Following News Corp.’s win with the regulators over BSkyB (NYSE: BSY), James Murdoch is getting the corporate equivalent of a post-Super Bow…

Following News Corp.’s win with the regulators over BSkyB (NYSE: BSY), James Murdoch is getting the corporate equivalent of a post-Super Bowl trip to *Disney* World: a promotion to the new role of deputy COO and chairman/CEO of News Corp International plus a move to corporate headquarters in New York. James, the only child of Rupert Murdoch to stick with News Corp (NSDQ: NWS). as a day job, has been based in London as chairman and chief executive, Europe and Asia, and executive chairman, News International. This new job marks him firmly as the Murdoch most likely to succeed his father as chairman and CEO of News Corp.

But this morning’s announcement also makes it clear that he is not the person next in line. In the new role, James Murdoch will continue to report to Chase Carey, the deputy chairman, president and COO. He will “work closely” with Rupert Murdoch, not much of a change from now but more proximity. He already has an office in the mid-Manhattan HQ and will use it as his base starting this summer.
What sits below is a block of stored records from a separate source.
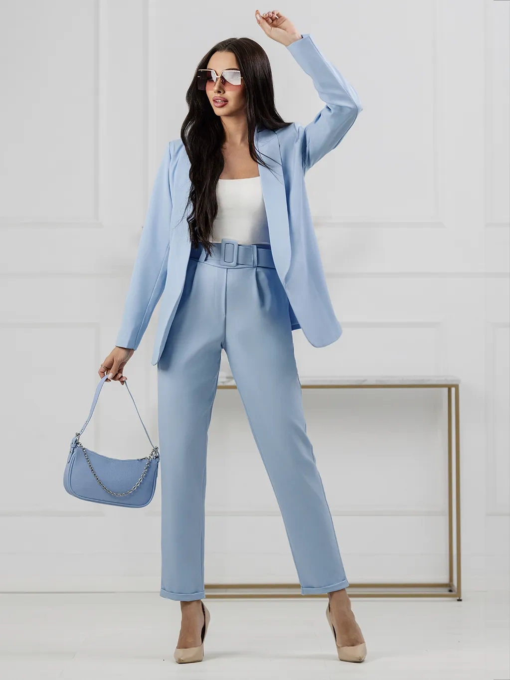 - Elegancko i biznesowo: Połącz go z białą jedwabną bluzką lub klasyczną koszulą. Dodaj szpilki w kolorze nude lub błękitnym dla uzyskania efektu total look, który optycznie wydłuża sylwetkę.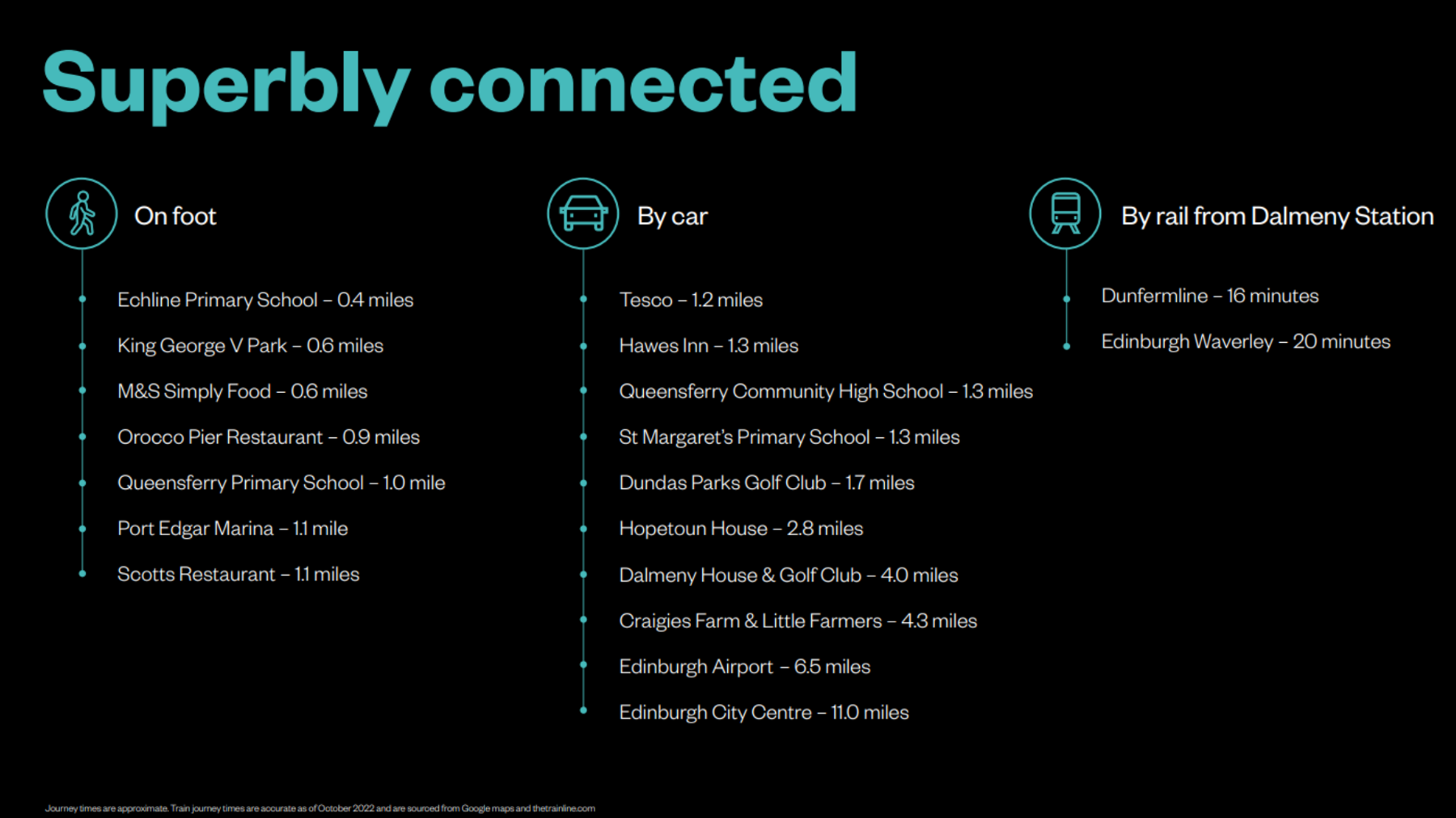 By bus: With a bus stop just meters from the southern perimeter of the site, take advantage of services throughout South Queensferry to Edinburgh including an express bus service.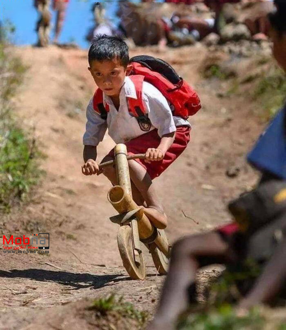 کودک اندونزیایی در حال سواری با دوچرخه دست ساز خودش (عکس)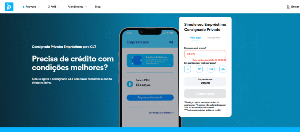 O Banco Pan disponibiliza empréstimos de acordo com o salário, com prazos que podem variar de 3 a 24 meses — ou até mais, no caso do consignado. As taxas de juros começam em torno de 1,99% ao mês, dependendo do tipo de crédito e do perfil do cliente.

While brother Lachlan has been carving out his own post-News Corp. career in Australia and sister Elisabeth has been building production house Shine, James has been working steadily on a number of vital News Corp projects, including the buildup of BSkyB and the campaign for approval to buy the rest of it and the effort to add digital subscription revenue streams to News Intl’s coffers. The move comes as News Corp. acquires his sister’s company, freeing her up to join the board. That acquisition also has caused a fresh critical look at the role of the family in the public company, perhaps making this timing a little surprising from the outside.

But it would be hard to argue at this point that James Murdoch is being handed anything (although I’m sure some people will try). He has been emerging carefully as a spokesperson on major issues in recent years and has been the company’s face in Europe and Asia. He also has been earning his operating chops. The announcement stresses that he will “bring his significant operational expertise to bear across News Corporation’s broad asset portfolio, collaborating with senior leaders to develop and execute strategies and plans that strengthen and further evolve businesses, extend brands, and build new franchises.”
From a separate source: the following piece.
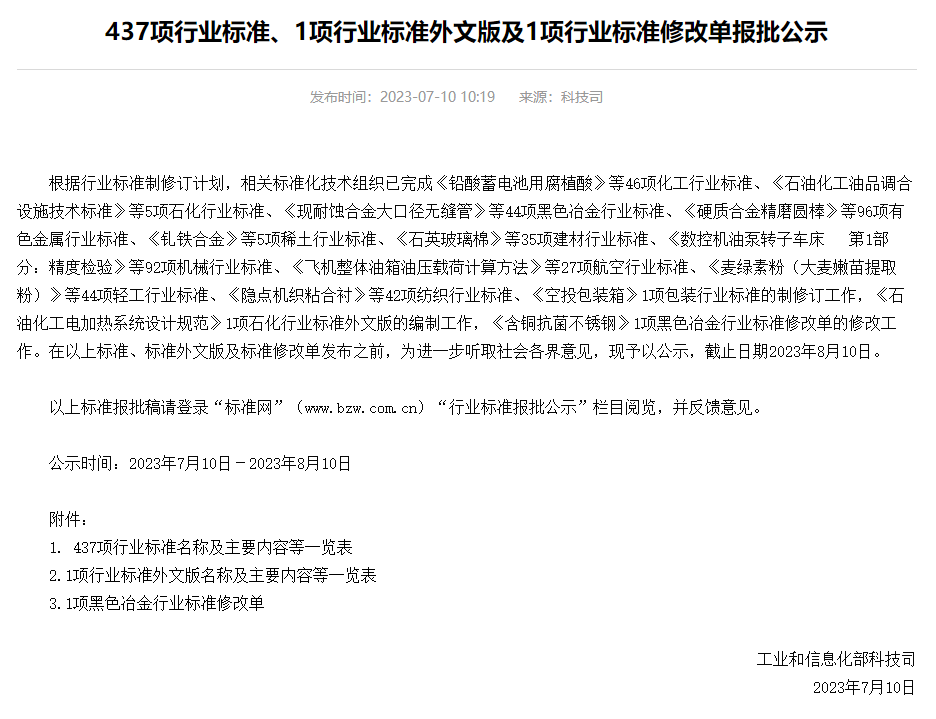 中國粉體網(wǎng)訊 近日,工信部發(fā)布消息,根據(jù)行業(yè)標(biāo)準(zhǔn)制修訂計劃,相關(guān)標(biāo)準(zhǔn)化技術(shù)組織已完成《鉛酸蓄電池用腐植酸》等46項化工行業(yè)標(biāo)準(zhǔn)、《石油化工油品調(diào)合設(shè)施技術(shù)標(biāo)準(zhǔn)》等5項石化行業(yè)標(biāo)準(zhǔn)、《現(xiàn)耐蝕合金大口徑無縫管》等44項黑色冶金行業(yè)標(biāo)準(zhǔn)、《硬質(zhì)合金精磨圓棒》等96項有色金屬行業(yè)標(biāo)準(zhǔn)、《釓鐵合金》等5項稀土行業(yè)標(biāo)準(zhǔn)、《石英玻璃棉》等35項建材行業(yè)標(biāo)準(zhǔn)、《數(shù)控機油泵轉(zhuǎn)子車床 第1部分:精度檢驗》等92項機械行業(yè)標(biāo)準(zhǔn)、《飛機整體油箱油壓載荷計算方法》等27項航空行業(yè)標(biāo)準(zhǔn)、《麥綠素粉(大麥嫩苗提取粉)》等44項輕工行業(yè)標(biāo)準(zhǔn)、《隱點機織粘合襯》等42項紡織行業(yè)標(biāo)準(zhǔn)、《空投包裝箱》1項包裝行業(yè)標(biāo)準(zhǔn)的制修訂工作,《石油化工電加熱系統(tǒng)設(shè)計規(guī)范》1項石化行業(yè)標(biāo)準(zhǔn)外文版的編制工作,《含銅抗菌不銹鋼》1項黑色冶金行業(yè)標(biāo)準(zhǔn)修改單的修改工作。在以上標(biāo)準(zhǔn)、標(biāo)準(zhǔn)外文版及標(biāo)準(zhǔn)修改單發(fā)布之前,為進一步聽取社會各界意見,現(xiàn)予以公示,截止日期2023年8月10日。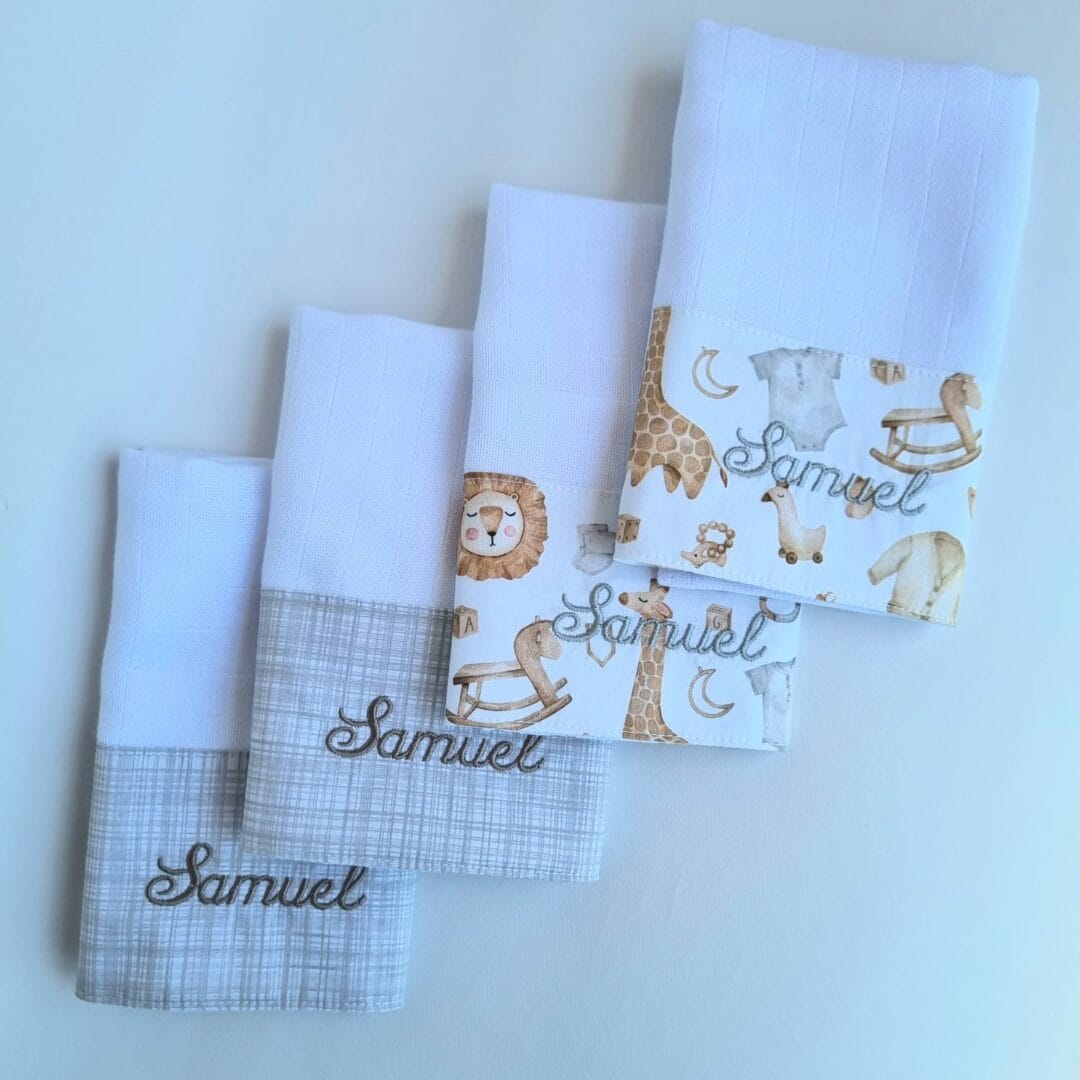 Os fios são duplos (gramatura 170 g/m2), 100% algodão, que fazem um tecido delicado garantindo a praticidade no dia-a-dia das mamães e um toque carinhoso na pele dos bebês.

It’s not that he’s done everything right. But he has experimented enough — and accomplished enough — to get to this rung.


This Murdoch is certainly a chip off the old block. Whilst stewarding News Corp’s EMEA region, he has made high-profile defences of copyright, paid content and free-market media and attacks on the BBC. At each instance, you would have been forgiven for hearing the words in his father’s Antipodean twang, rather than the son’s mid-Atlantic tongue.

James has executed Rupert’s belief in a paid digital media economy, predominantly fuelled by subscriptions, in quick time – something the father pronounced during the great industry debate of late 2009 and which News International launched in Britain with “paywalls” around The Times and News Of The World by mid-2010, plus plans ongoing in Australia.

The projects have not been without their cynical onlookers – The Times’ system is now more or less in place with just 79,000 subscribers and not a sniff of any NYT-style holes in the wall. Many might wonder if James hasn’t taken his dad’s dictates a little too literally.

But executed, it is – James Murdoch is credited with helping to try reinventing News Corp. in the image of one of its most successful units, BSkyB, the UK pay-TV firm and telco which Murdoch once ran as CEO and which he has tried to replicate elsewhere in Europe by buying up rivals.

His elevation within the mothership, therefore, points toward the eventual anointing of a modern Rupert, a premium-media tsar for the digital age.